Parenting rule #1: Don’t teach them they can have anybody they want. Teach them, instead, they shouldn’t want anybody they can have!
I hear people building up their kid’s egos as though they are the only attractive person alive.
Look, I love my kids too, don’t get me wrong. I want them to know they are important. Teaching your kids that they shouldn’t settle is a good thing, but not when it blows their head up with an ego so large it can fill the room with hot air.
If you are one of the kids I am talking about, let me tell you something your parents may not have; you are not indispensable. As easy as the world is now, a guy or girl can replace you with another attractive person in a matter of hours.
Being dumped can leave you feeling worthless, sad, depressed, and maybe even feeling like you have no hope.
Don’t place your value in your relationships. And definitely don’t place it in your appearance, which can change in a matter of moments.

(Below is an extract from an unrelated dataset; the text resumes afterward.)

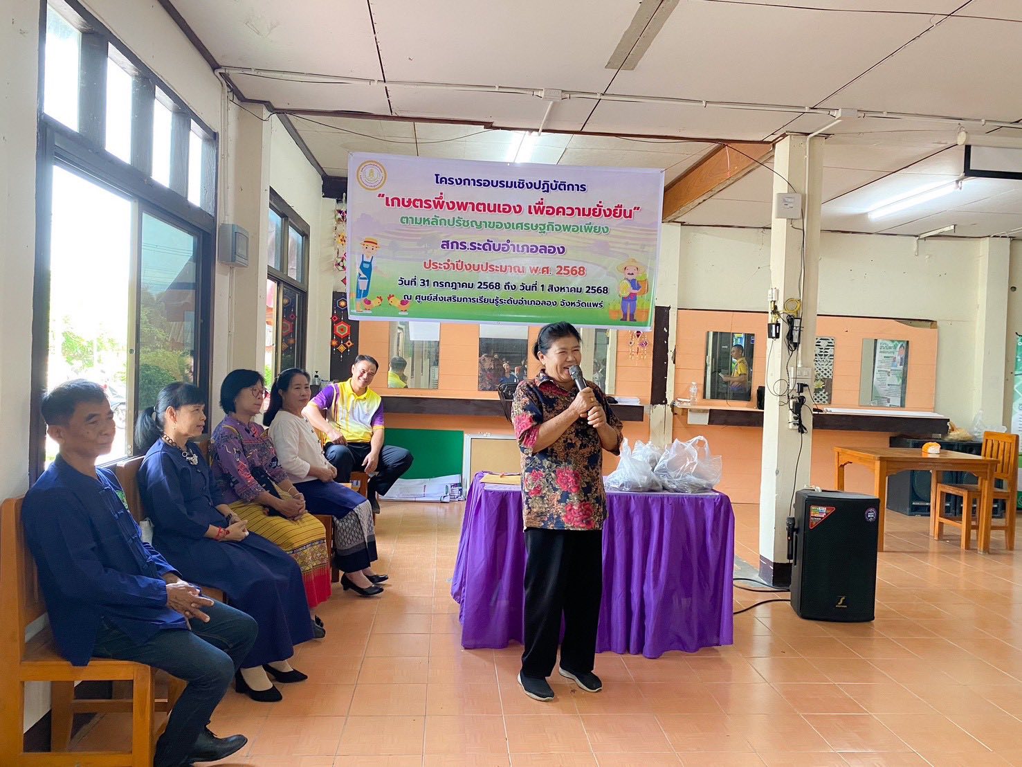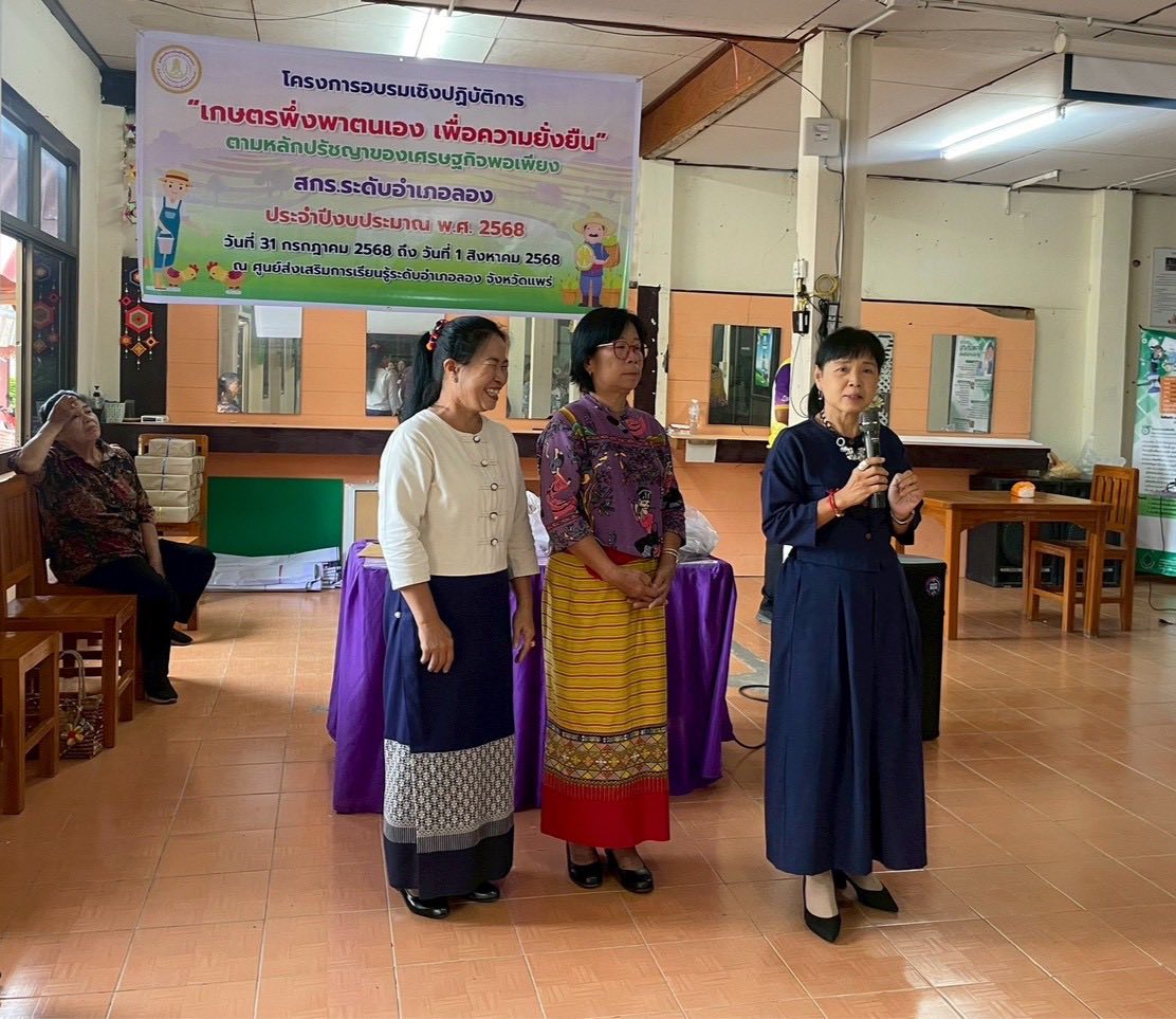นางอัจจิมา วรรณเลิศ ครูรักษาการในตำแหน่งผู้อำนวยการ สกร.ระดับอำเภอลอง มอบหมายให้นางสาวลัดดาวัลย์ ซุ่นฮะ ครูศูนย์การเรียนรู้ และคณะครู สกร.ระดับอำเภอลอง จัดโครงการอบรมเชิงปฏิบัติการ”เกษตรพึ่งพาตนเอง เพื่อความยั่งยืน” ตามหลักปรัชญาของเศรษฐกิจพอเพียง สกร.ระดับอำเภอลอง ประจำปีงบประมาณ พ.ศ.2568 ฐานที่1 นักรบใต้ดิน…กินดีมีประโยชน์ ฐานที่2 เส้นฝ้ายสายใยเมืองลอง ฐานที่3 พืชสารพัดประโยชน์ฐานที่4 ผักกินได้ ปลูกง่ายที่บ้าน ณ ศูนย์ส่งเสริมการเรียนรู้ระดับอำเภอลอง จังหวัดแพร่

I once read an article about an attractive female who was caught in a car fire. Her attractiveness was changed in a matter of moments, and so was her entire world.
Her husband still loved her regardless of her fleeting beauty. He said he stayed with her because he didn’t marry her for her looks. He saw beyond the face and into the heart.
Let me tell you something you may not realize…
…Attractiveness doesn’t give you your worth. Value comes from a good heart and that is what I want to talk to you about.
I buy and sell antiques as a side job. I occasionally find something that is so valuable, I just can’t let it get away. I do whatever it takes to take possession of that property because I see it as a treasure.
Sometimes the value is monetary. Sometimes it is sentimental. Sometimes it is because the piece is just so beautiful, I don’t want to pass it up.
However, the beauty that a piece adds to my life, doesn’t always prompt me to keep it. Most of the time I sell beautiful antiques.
It is usually the value behind the beauty, that makes me want to keep it as my own.
For example, I have an old printer press cabinet that I decided to keep if I can’t get what I want for it. The character it adds to my room is far too great to want to sell it for a cheap price. I do have it listed for sale in a few places, but I probably wouldn’t take much less than I’m asking for it because I know the value is there.
The market value the piece has is far too great for me to let it go easily. I rarely hold onto things for a long period of time because selling things is what I do. However, this piece is special. And, because it is special, I cherish it much more than most of my other material possessions.
I protect its value by keeping it as my own.
There isn’t a thing in my house I wouldn’t part with in a second if need be. But I would think twice about letting my printer press cabinet go easily.
Do you catch my drift?
Things we find valuable, we fight to keep them. We protect them. We cherish them.
If you give something away for free, chances are the value will not be realized. Be something another person sees as irreplaceable.
I’ve had so many beautiful antiques throughout the years, I wouldn’t be able to sit here and name them all. I can recall about $40,000-$50,000 worth recently, that I sold to remodel my house, put new wheels on my husband’s truck, and pay off some of our debts with.
Many times, I sold them below value in order to replace them with the money that I needed for other things. I didn’t think twice about replacing those items with money.
All beautiful antiques, all worthy of my time, all of which I SOLD.
I’ve rarely had something so beautiful that I kept it permanently.
A good heart is like a fine antique. It is rare. It is valued. It is something that other people try to latch onto because it is so hard to find.
Attractiveness can only get a person’s attention. A good heart can keep that attention.
That is why I say beauty is vain. It is something that doesn’t last forever, it has no real value, and it really isn’t even worth someone’s time long-term. A good heart, on the other hand, is something that people will notice beyond an introduction.
I once knew a pretty girl who had a bitter, angry, and easily offended heart. She just couldn’t get past what she needed and wanted out of life, and expected other people to go out of their way to please her. Those who didn’t got booted out the door because she saw it as disrespect.
I also knew a guy who was like that. Attractive, clean-cut, and fun to be around. But his heart, well, it wasn’t so clean. He too was in and out of relationships.
Don’t get me wrong, I’ve had my share of relationships. Being able to stay in one doesn’t prove you have a good heart.
But a heart that is not so good is easily replaced. Beauty doesn’t keep anyone’s attention, nor does it earn anyone’s respect.
A kind heart is something a person will take notice of permanently. Compassion and love for others will cause you to shine above all others. Forgiveness will make you stand out where others don’t. Goodness and mercy will give others a reason to want to keep you around.
Be the kind of person people want to hold onto. Be the kind of person that realizes where your value is.
Above all, protect your most valuable asset by settling for no less than respect. Don’t ignore your attractiveness, but don’t abuse it either. Don’t let it become your main focus. Don’t try to get attention only with your looks.
Last but not least, don’t think of yourself as indispensable. If you do, you may be the first thing a person let’s go of.